C. 3% sodium chloride infused at 60 mL/hour.
D. Potassium chloride 20 mEq by mouth every 6 hours for 4 doses.

VI. HYPERNATREMIA AND HYPEROSMOLAL STATES
A. Hyperosmolality with serum sodium greater than 145 mEq/L
1. The osmotic gradient associated with hypernatremia causes water movement out of cells and into the
EC space.

2. Symptoms are related primarily to the dehydration of brain cells.
B. Causes of hypernatremia
1. Loss of water because of fever, burns, infection, renal loss (e.g., diabetes insipidus), gastrointestinal
(GI) loss

2. Retention of Na+ because of the administration of hypertonic saline or any form of Na+
3. Certain neurologic injuries receive hypertonic saline to target a higher sodium goal
C. Prevention of hypernatremia through osmoregulation
1. Plasma osmolality is maintained at 275–290 mOsm/kg, despite changes in water and Na+ intake.
2. Hypernatremia is prevented first by the release of ADH, causing water reabsorption.
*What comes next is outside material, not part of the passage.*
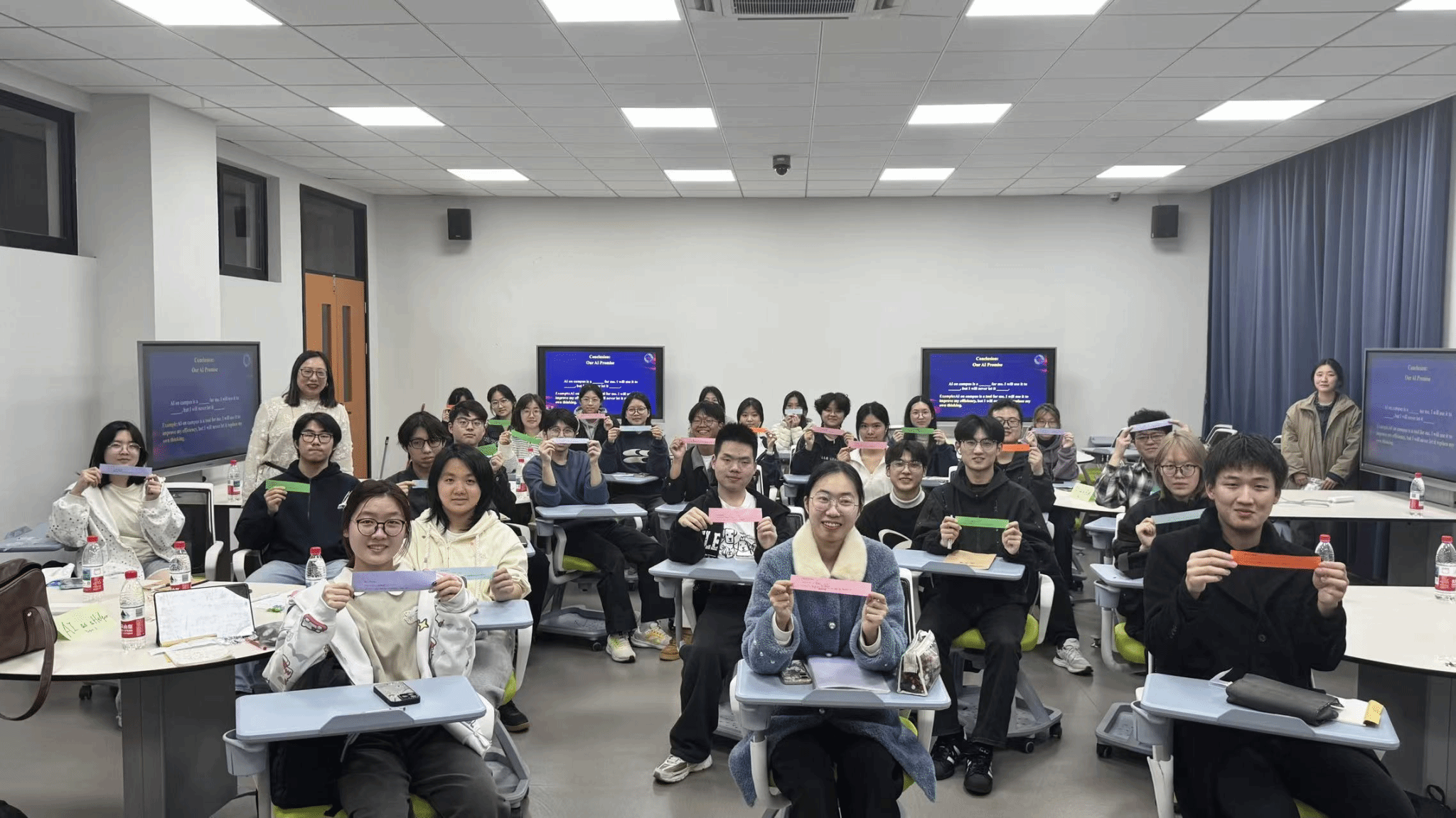 活动尾声,同学们在便利贴上写下属于自己的“AI承诺”,一句句真挚宣言既是对AI与校园共生的深度思考,也是对自身学习态度的郑重坚守,为本次英语角画上了温暖而坚定的句号。

3. Hypernatremia is also prevented by thirst.

a. Hypernatremia occurs primarily in adults with altered mental status who have an impaired thirst
response or do not have access to or the ability to ask for water.

b. Hypernatremia can also occur in infants.
D. Cerebral osmotic adaptation

1. Similar to patients with hyponatremia, patients with chronic hypernatremia can have cerebral osmotic
adaptation.
a. Brain cells take up solutes, Na+, and K+, thus limiting the osmotic gradient between the IC and
EC fluid compartments.
b. This prevents cellular dehydration, and it will increase the brain volume toward a normal value,
despite hypernatremia.

2. Because of osmotic adaptation, patients with chronic hypernatremia may be asymptomatic.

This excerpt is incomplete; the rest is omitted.